In many places, putting just two contract programmers on a project for three weeks costs the company about $10,000. Buying $10,000 worth of hardware is probably going to give you a faster running program, sooner, for the same cost to the company. If the program gets scrapped by upper management, the company can still make use of the hardware; it's a generally valuable asset. Not so for the optimized code; it's a strictly limited use asset. Unlike the optimization effort, the hardware optimization is very unlikely to introduce bugs into the software. Unless you're buying a lot of hardware, (and most companies aren't) it's just no contest.

So, unless you work for Microsoft, or some other software vendor, you don't need to optimize code as badly as you need it to be bug free. Fast hardware is cheap. Fast software is expensive.

we wasted several programmers years trying to do an in-house optimization as part of a code cleanup.

Seems to me, part of the problem is right there. If you're doing code clean-up, you're attempting to make your code more maintainable, readable, modularized etc. If you're doing optimization, you're attempting to make it more efficient. Doing both at the same time is inordinately difficult and makes failure at both more likely. I'd posit that even if you're a wizard who knows every nook and cranny of perl and can mentally juggle thousands of lines of code, you're probably better off doing clean-up and optimization in several alternating passes (I'm certainly no such wizard, so this is pure speculation on my part, but it makes sense).
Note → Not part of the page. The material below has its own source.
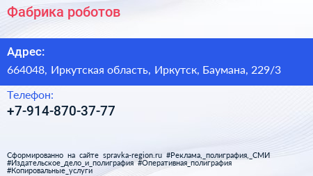 Фабрика роботов по адресу 664048, Иркутская область, Иркутск, Баумана, 229/3 в дальнейшем Организация, размещена в следующих категориях:
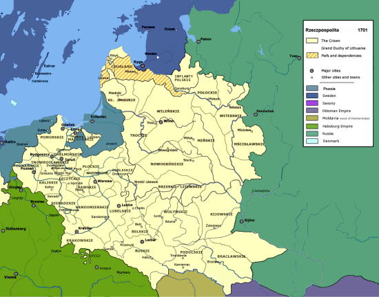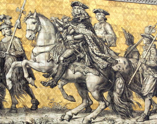 | 総合メニューに戻る ◆アウグスト二世(ポーランド王) ![]() Louis de Silvestre-August II Source:Wikimedia Commons ルイ・ド・シルヴェストル - Nationalmuseum Stockholm, パブリック・ドメイン, リンクによる はじめに アウグスト2世モツヌィ(ポーランド語: August II Mocny, 1670年5月12日 - 1733年2月1日)は、ポーランド・リトアニア共和国の国王(在位:1697年 - 1706年、1709年 - 1733年)、及びザクセン選帝侯(在位:1694年 - 1733年)です。 ザクセン選帝侯としてはフリードリヒ・アウグスト1世(ドイツ語: Friedrich August I.)です。 驚異的な怪力の持ち主であったことから「強健王(Mocny)」「ザクセンのヘラクレス」「鉄腕王」などの異称で呼ばれ、またその異称の所以を証明するために素手で蹄鉄をへし折るのを好んだそうです。 先祖であるポーランド人のツィンバルカ・マゾヴィエツカも、また怪力で有名でした。アウグストはハプスブルク帝国の同盟者の一人として金羊毛騎士団の騎士に叙任されていました。 ザクセン選帝侯としては、アウグストはおそらく芸術と建築のパトロンとして記憶されています。彼はザクセン選帝侯国の首都ドレスデンを主要な文化的中心地に変え、ヨーロッパ中から芸術家や音楽家を宮廷に招聘しました。 アウグストはまた優れた芸術作品の蒐集家で、ドレスデンとワルシャワに美しいバロック様式の宮殿を建設した。一方で、政治家としての力量に関しては、ポーランドにおいては決して高くは評価されておらず、ポーランド・リトアニア共和国を大北方戦争に巻き込んだ張本人として非難されています。 アウグストの国内改革と王権強化の試みは結果的に無意味であり、さらにその政策は共和国に対するロシア帝国の影響力を強めることになったと考えられています。 選帝侯時代 ![]() ヤン・マテイコによる肖像画 Source:Wikimedia Commons パブリック・ドメイン, リンク ![]() ヴェッティン家支配期のポーランド・リトアニア共和国の国章 Source:Wikimedia Commons 投稿者自身による作品このSVGのソースコードは正しい.この ベクター画像はInkscapeでJimmy44により作成されました., CC 表示 3.0, リンクによる 1670年、ヨハン・ゲオルク3世とデンマーク王フレデリク3世の娘アンナ・ソフィーとの間の下の息子として、ドレスデンで生まれました。 次男だったアウグストは選帝侯の座を継ぐことは出来ず、1691年9月12日に父が死ぬと兄ヨハン・ゲオルク4世が選帝侯と公国を相続しました。 1693年1月20日、アウグストはブランデンブルク=バイロイト辺境伯クリスティアン・エルンストの娘クリスティアーネ・エーベルハルディーネと結婚し、夫妻には一人息子フリードリヒ・アウグスト(後のアウグスト3世)が生まれました。 ヴェネツィアのカーニヴァルを遊覧した際、兄ヨハン・ゲオルク4世は愛妾マグダレーネ・ジビレ・フォン・ナイトシュッツから天然痘をうつされました。 1694年7月24日、兄が嫡出子を残さないまま急死したため、アウグストがフリードリヒ・アウグスト1世として選帝侯を継ぎましだ。1696年に大トルコ戦争におけるドナウ川方面の司令官に任命されましたが、一向に戦果を挙げられず翌1697年にプリンツ・オイゲンに交代させられました。 ポーランド・リトアニア共和国の国王選挙に出る資格を得るため、アウグストはカトリックに改宗しました。ザクセンの選帝侯たちは伝統的に「宗教改革の擁護者」と呼ばれ、選帝侯国はドイツにおける福音主義教会の拠点であったため、アウグストの改宗は世間を驚かすものでしたが、何ら抗議を受ける事はありませんでした。 しかしカトリック教徒となったザクセン選帝侯は、帝国議会における新教徒派の指導者の地位をブランデンブルク=プロイセンに奪われることになり、ザクセン選帝侯はザクセンの宗教的一体性を保障して来たため、アウグストの改宗によって福音主義教会信徒臣民の一部が公国を離れることになりました。 アウグストの王位獲得の野心のために、ザクセンの国庫から出された莫大な資金がポーランドの貴族や聖職者への賄賂に消え、同時代人はアウグストの王座への執念を「ポーランドへの投機」と呼んで嘲われました。 神聖ローマ帝国において、カトリック諸侯会議に対抗する新教徒諸侯会議の議長役はザクセン選帝侯に決まっており、アウグストはカトリックでありながら議長を務めることになりました。 帝国内におけるアウグストの教会政策は正統派ルター主義でしたが、後にはカトリックと絶対主義に変わりました。帝国内の新教徒諸侯と残り2人の新教徒選帝侯(ハノーファーとブランデンブルク=プロイセン)は、ザクセンが新教徒陣営に一貫して居続けるのかどうか不安に感じていました。 アウクスブルクの和議により、アウグストは理論上はカトリックを公国の体制宗教に設定することが可能であり、少なくともカトリックの臣民に完全な宗教的自由を与える権限を持っていましたが、これらの権限が行使されることはありませんでした。ザクセンはその後もルター派領

This is also where I have most problems with the OP. While I agree that performance optimization is often important and probably does not get enough good press these days, I think it is dangerous to want to do too much of it too soon. It's hard enough coming up with a program design which is flexible yet simple. Strongly leaning towards optimization at the same time makes things infinitely harder and there aren't many people who can pull it off well. Also, I think it'll always be easier to refactor maintainable code for optimization than it will be to turn optimized but messy code into something another mortal can understand and maintain.

Seems to me, part of the problem is right there. That was actually minor, compared to a lot of other stuff. A fellow coder who reviewed the system afterwards privately wondered whether the system architect was fully sane or not. I think it's possible to design in efficiency; like the OP suggests. I just think the approach we took for it was absurd (the designer waffled constantly; trading speed for baroque extensions, and simplicity for speed, until we had something that was neither simple nor fast; and any extensibility it might have gained was lost under a blanket of complete incomprehensibility brought on by excessive complexity. )

Also, I think it'll always be easier to refactor maintainable code for optimization than it will be to turn optimized but messy code into something another mortal can understand and maintain.

Sure, but it's easier to refactor optimized, maintable code than it is to refactor messy, non-optimized code as well. By definition, "messy" code is hard to refactor.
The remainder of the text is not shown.